Part 1: Relationship between $r$ and $t$

Given that sand is being poured at a constant rate onto a flat surface and forms a pile in the shape of a cone, we are to find how the radius $r$ of the base of the cone varies with time $t$, given that $r(0) = 0$.

Let:

• $r$ be the radius of the cone's base at time $t$.
• $h$ be the height of the cone.
• $V$ be the volume of the cone.

The volume $V$ of a cone is given by the formula: $V = \frac{1}{3} \pi r^2 h$ We are told that the slope of the cone is constant, which implies that the ratio of the height $h$ to the radius $r$ remains constant. Therefore, we can express $h$ in terms of $r$: $h = kr$ where $k$ is a constant representing the fixed ratio of height to radius (since the slope is constant).

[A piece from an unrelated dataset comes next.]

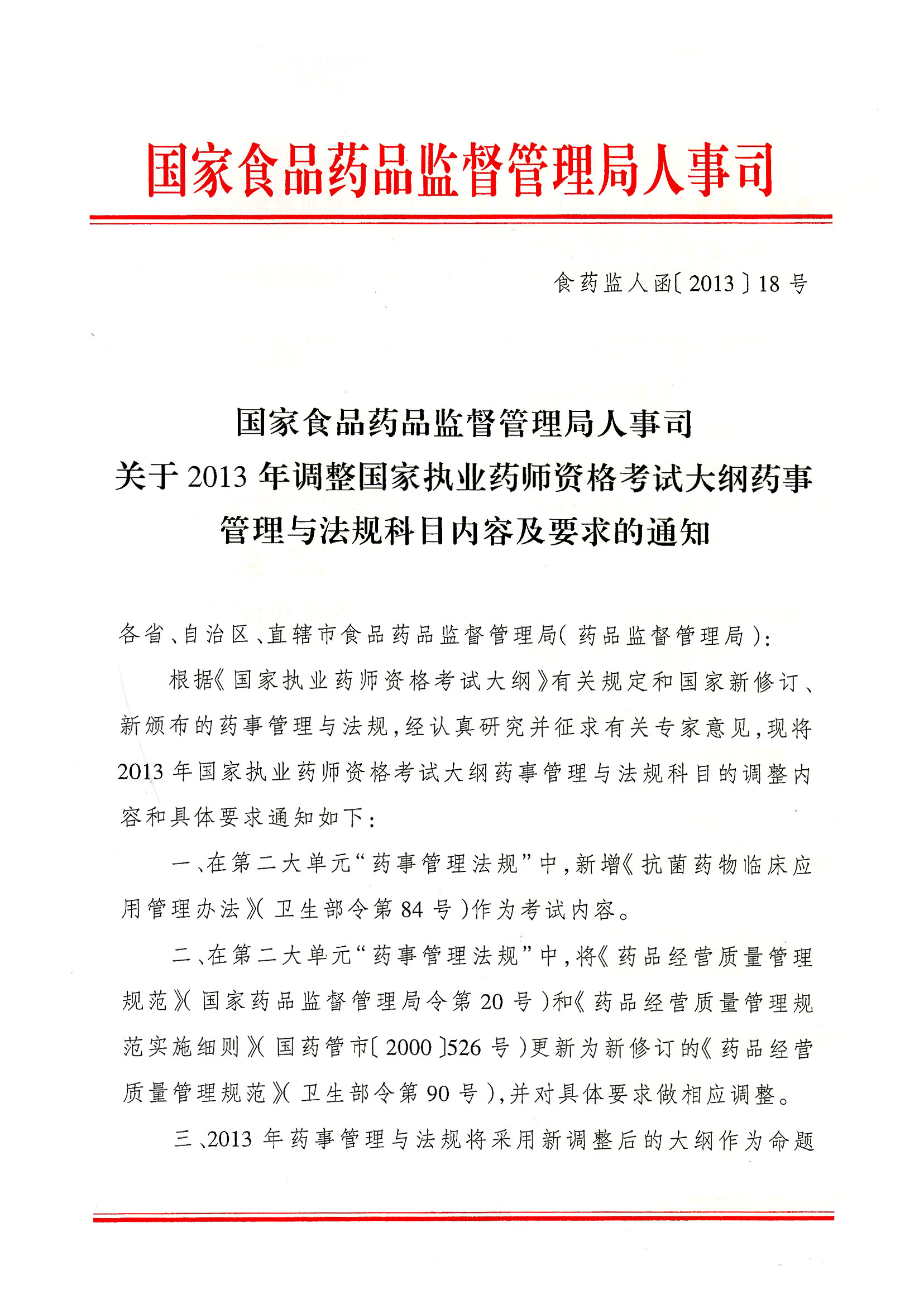 2013年國家執業藥師資格考試大綱藥事管理與法規科目調整內容和要求的通知

Substituting $h = kr$ into the volume formula, we get: $V = \frac{1}{3} \pi r^2 (kr) = \frac{1}{3} \pi k r^3$ Thus, the volume of the cone is proportional to $r^3$: $V = C r^3$ where $C = \frac{1}{3} \pi k$ is a constant.

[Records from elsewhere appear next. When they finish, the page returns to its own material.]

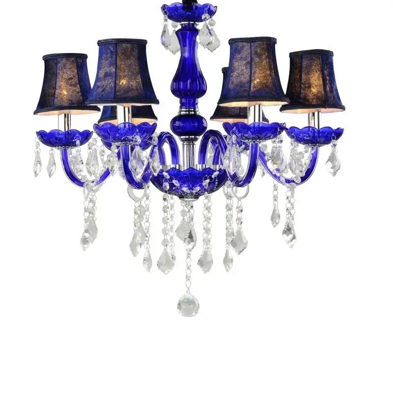 Luxury Blue Crystal Ceiling Chandelier for Living Room Bedroom Decor Hanging Lamps Hotel Restaurant Cafe Lobby Pendant Light
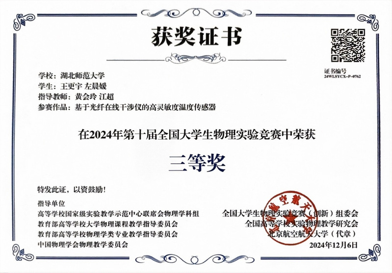 2024年12月荣获第十届全国大学生物理实验竞赛三等奖
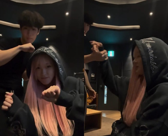 영상 속에는 김하온의 신곡 'Skrr'에 맞춰 귀여운 안무를 추고 있는 김하온, 지젤의 모습이 담겼다. 두 사람은 영상 말미 하이파이브를 하며 다정한 사이임을 증명하기도 했다.

Since sand is being poured at a constant rate, the rate of change of the volume $\frac{dV}{dt}$ is constant. Let $\frac{dV}{dt} = Q$, where $Q$ is the constant rate of change of the volume: $\frac{dV}{dt} = Q$ But from the volume expression $V = C r^3$, we also have: $\frac{dV}{dt} = 3 C r^2 \frac{dr}{dt}$ Equating the two expressions for $\frac{dV}{dt}$: $3 C r^2 \frac{dr}{dt} = Q$ Solving for $\frac{dr}{dt}$: $\frac{dr}{dt} = \frac{Q}{3 C r^2}$

To find $r(t)$, we can separate the variables and integrate: $r^2 dr = \frac{Q}{3C} dt$ Integrating both sides: $\int r^2 dr = \int \frac{Q}{3C} dt$ $\frac{r^3}{3} = \frac{Qt}{3C} + \text{constant}$ Since $r(0) = 0$, the constant of integration is zero. Thus, we have: $\frac{r^3}{3} = \frac{Qt}{3C}$ Simplifying: $r^3 = \frac{Qt}{C}$ Therefore, the radius $r$ varies with time $t$ as: $r(t) = \left(\frac{Qt}{C}\right)^{\frac{1}{3}}$

Part 2: Time to Reach Radius $2r_1$

Let $t_1$ be the time it takes for the radius to reach $r_1$. From the expression for $r(t)$, we have: $r_1 = \left(\frac{Qt_1}{C}\right)^{\frac{1}{3}}$ Now, we want to find the time $t_2$ it takes for the radius to reach $2r_1$. Using the same formula for $r(t)$, we have: $2r_1 = \left(\frac{Qt_2}{C}\right)^{\frac{1}{3}}$ Taking the ratio of these two equations: $\frac{2r_1}{r_1} = \left(\frac{t_2}{t_1}\right)^{\frac{1}{3}}$ Simplifying: $2 = \left(\frac{t_2}{t_1}\right)^{\frac{1}{3}}$ Cubing both sides: $8 = \frac{t_2}{t_1}$ Thus, the time $t_2$ is: $t_2 = 8 t_1$

Final Answer:

• The radius $r$ varies with time as $r(t) = \left(\frac{Qt}{C}\right)^{\frac{1}{3}}$.
• If it takes a time $t_1$ for the radius to reach $r_1$, it will take a time $8 t_1$ for the radius to reach $2r_1$.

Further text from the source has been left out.